---------- Records provided ----------
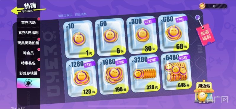 记者在《蛋仔派对》“热销”频道看到,“蛋币充值”含1元、6元、30元、68元、128元、198元、328元、648元六个档位。此外,还有抽盲盒等多种消费项目。
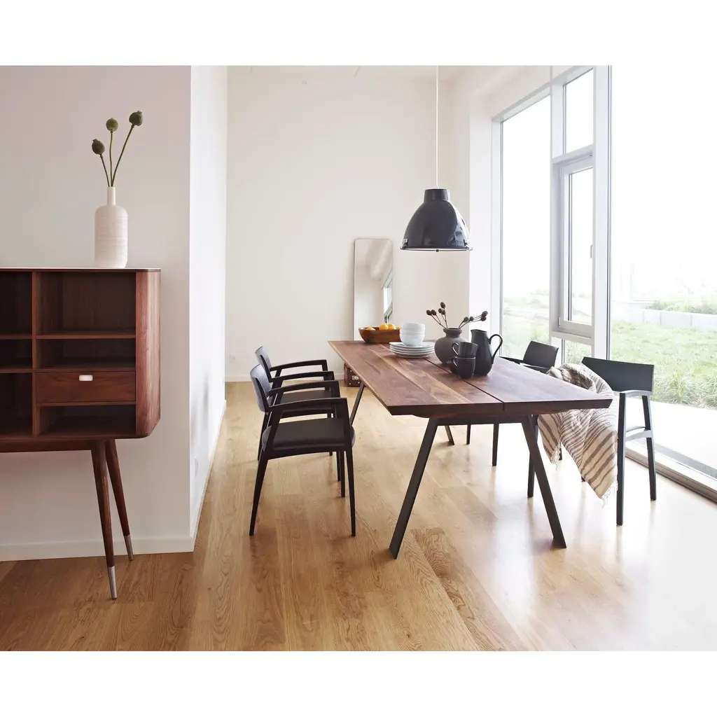 GM3200 Plank Table Designer: Nissen & Gehl MDD Manufactured by: Naver Collection Dimensions (in): see Options below The Plank table is made in 5 different sizes. The table top is made of solid wood in 40 mm/1.6 in thickness. The legs are made of oil burned steel.
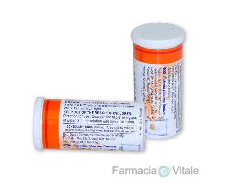 Le compresse devono essere sciolte in un bicchiere (200-300 ml) di acqua e assunte 15-20 minuti prima dell’atto.
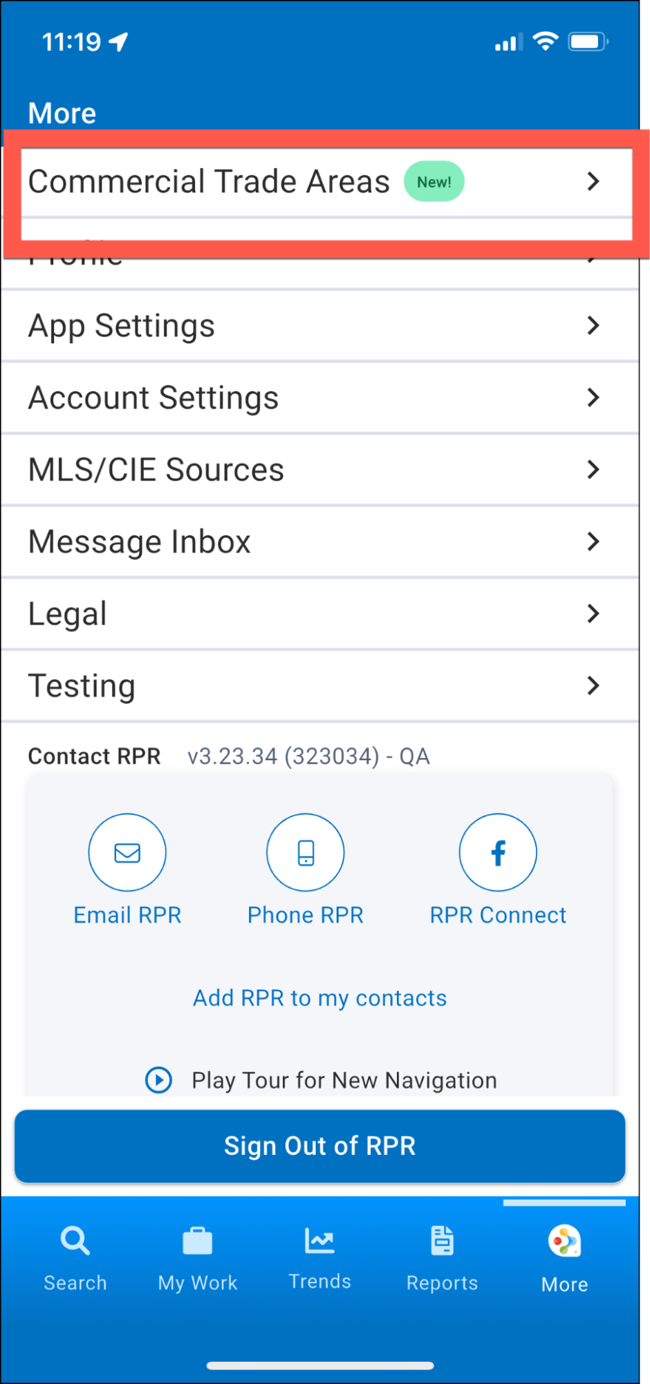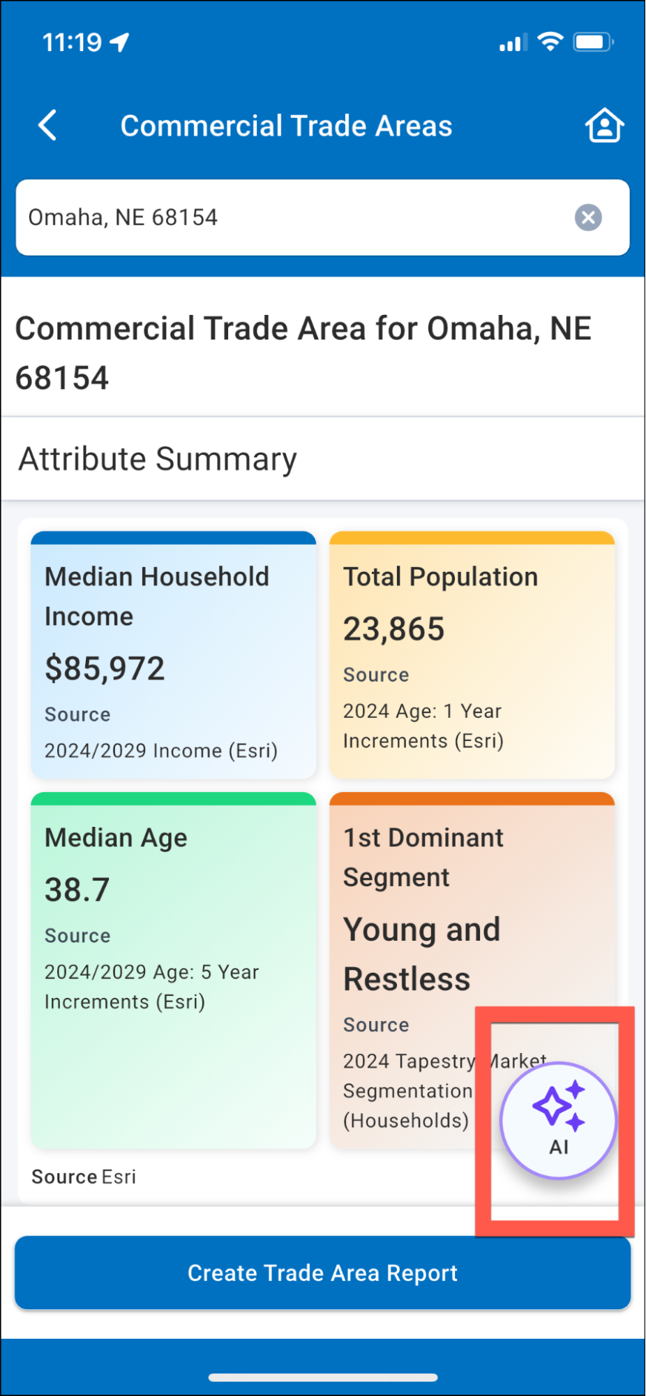 We have added the Commercial Trade Area Search to the Menu tab in the bottom navigation. Users simply have to tap “Menu”, then select Commercial Trade Areas. It will default to their location and a search bar is available that supports searching by counties, cities, ZIPs and neighborhoods.
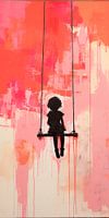 Dit werk belichaamt de zorgeloosheid en fantasie van de kindertijd met de afbeelding van een kind dat op een schommel zit, omhuld door een warme, roze gloed. De achtergrond, met zijn abstracte mengeling van witte en roze tinten, zorgt voor een dromerige sfeer die de toeschouwer uitnodigt om even te ontsnappen aan de realiteit. De donkere figuur van het kind contrasteert mooi met de zachte achtergrond, wat het geheel een speels maar toch mysterieus karakter geeft.
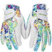 1.Material: The palm of the hand is a soft leather, and the back of the hand is cotton with holes. Very comfortable and skin-friendly, and also very breathable. This is a pair of professional ladies golf gloves. 2.Size: There are various sizes , suitable for almost all women and girls. There detailed size introduction pictures, you can choose the gloves that suit you according to your own palm size. 3.Design: This glove is very reasonable in design. The palm is an ultra-thin soft leather that protects the woman's hand from injury during exercise. The back of the hand is made of soft cotton, which is breathable and absorbs sweat for a more comfortable fit. 4.Color: This golf club glove is very beautiful in color. The overall design is white, with bright color accents, making the whole pair of gloves very eye-catching and very suitable for the simple and elegant color of the sport of golf. 5.Note: This pair of stylish golf gloves is more suitable for hand washing. It is not recommended to use a washing machine. It is best to dry naturally.
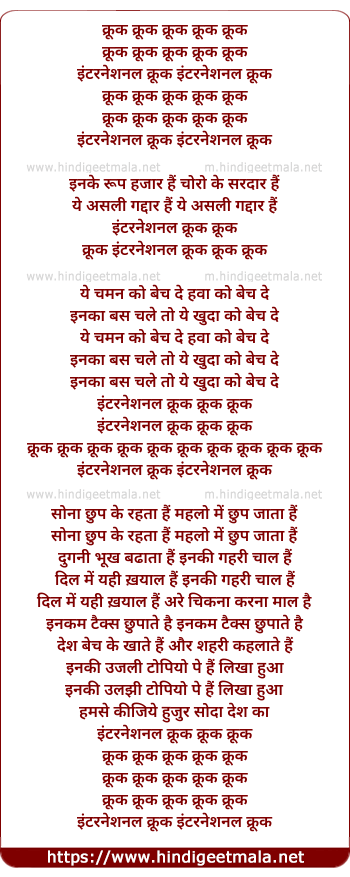 Lyrics of Crook Crook International Crook - क्रूक क्रूक इंटरनेशनल क्रूक
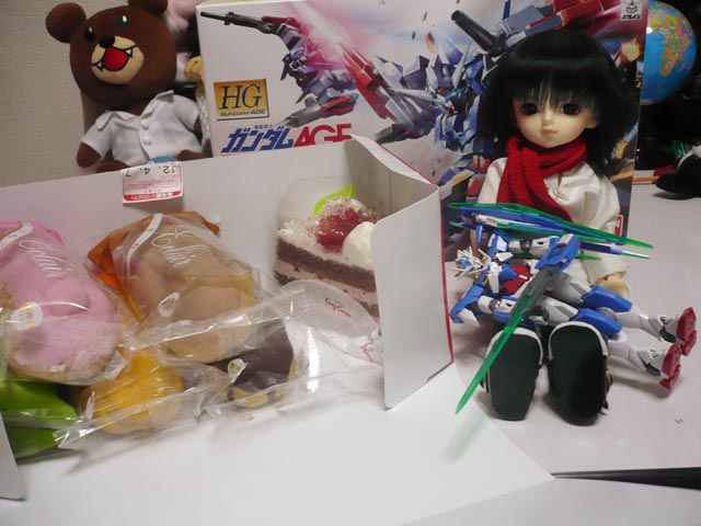 エクシアと名前が一番近いエクレア(しかも5食全部買ったらロクアレカラー迄揃ったと言う)と、チェリーのケーキです。ブルーベリーにしようかと思ったけど、こっちの方が新製品+セールだったので……
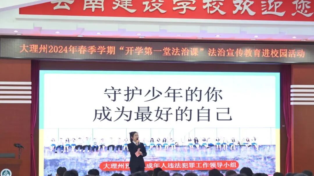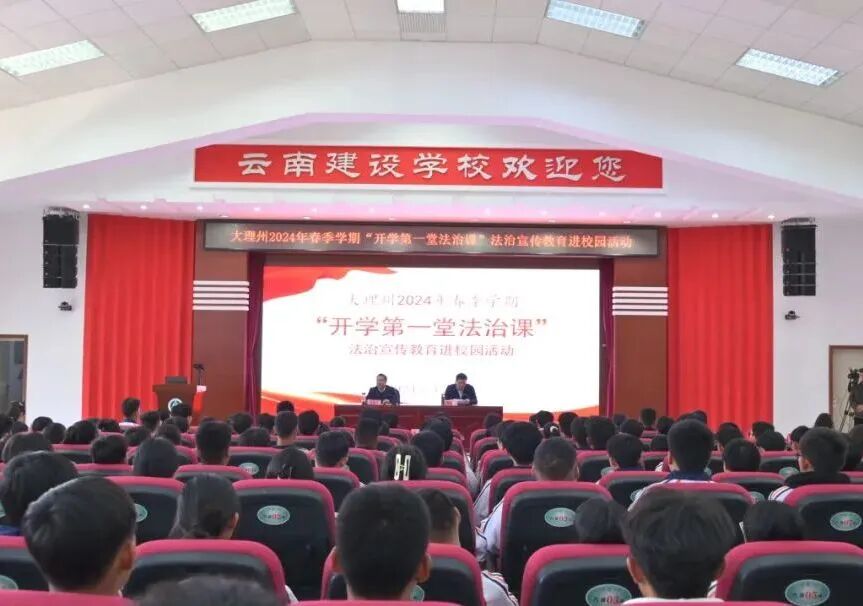 3月1日下午,大理州各中小学校同步开展2024年春季学期“开学第一堂法治课”法治宣传教育进校园活动。活动在云南建设学校设主会场,全州各中小学校以网络直播的形式进行,共有1105所中小学校、45万余教职工及四年级以上学生参加。
----------
**Work required:**
Please print all the data above word for word. Pictures should not appear in the copy.

**The completed task:**
 记者在《蛋仔派对》“热销”频道看到,“蛋币充值”含1元、6元、30元、68元、128元、198元、328元、648元六个档位。此外,还有抽盲盒等多种消费项目。
 GM3200 Plank Table Designer: Nissen & Gehl MDD Manufactured by: Naver Collection Dimensions (in): see Options below The Plank table is made in 5 different sizes. The table top is made of solid wood in 40 mm/1.6 in thickness. The legs are made of oil burned steel.
 Le compresse devono essere sciolte in un bicchiere (200-300 ml) di acqua e assunte 15-20 minuti prima dell’atto.
 We have added the Commercial Trade Area Search to the Menu tab in the bottom navigation. Users simply have to tap “Menu”, then select Commercial Trade Areas. It will default to their location and a search bar is available that supports searching by counties, cities, ZIPs and neighborhoods.
 Dit werk belichaamt de zorgeloosheid en fantasie van de kindertijd met de afbeelding van een kind dat op een schommel zit, omhuld door een warme, roze gloed. De achtergrond, met zijn abstracte mengeling van witte en roze tinten, zorgt voor een dromerige sfeer die de toeschouwer uitnodigt om even te ontsnappen aan de realiteit. De donkere figuur van het kind contrasteert mooi met de zachte achtergrond, wat het geheel een speels maar toch mysterieus karakter geeft.
 1.Material: The palm of the hand is a soft leather, and the back of the hand is cotton with holes. Very comfortable and skin-friendly, and also very breathable. This is a pair of professional ladies golf gloves. 2.Size: There are various sizes , suitable for almost all women and girls. There detailed size introduction pictures, you can choose the gloves that suit you according to your own palm size. 3.Design: This glove is very reasonable in design. The palm is an ultra-thin soft leather that protects the woman's hand from injury during exercise. The back of the hand is made of soft cotton, which is breathable and absorbs sweat for a more comfortable fit. 4.Color: This golf club glove is very beautiful in color. The overall design is white, with bright color accents, making the whole pair of gloves very eye-catching and very suitable for the simple and elegant color of the sport of golf. 5.Note: This pair of stylish golf gloves is more suitable for hand washing. It is not recommended to use a washing machine. It is best to dry naturally.
 Lyrics of Crook Crook International Crook - क्रूक क्रूक इंटरनेशनल क्रूक
 エクシアと名前が一番近いエクレア(しかも5食全部買ったらロクアレカラー迄揃ったと言う)と、チェリーのケーキです。ブルーベリーにしようかと思ったけど、こっちの方が新製品+セールだったので……
 3月1日下午,大理州各中小学校同步开展2024年春季学期“开学第一堂法治课”法治宣传教育进校园活动。活动在云南建设学校设主会场,全州各中小学校以网络直播的形式进行,共有1105所中小学校、45万余教职工及四年级以上学生参加。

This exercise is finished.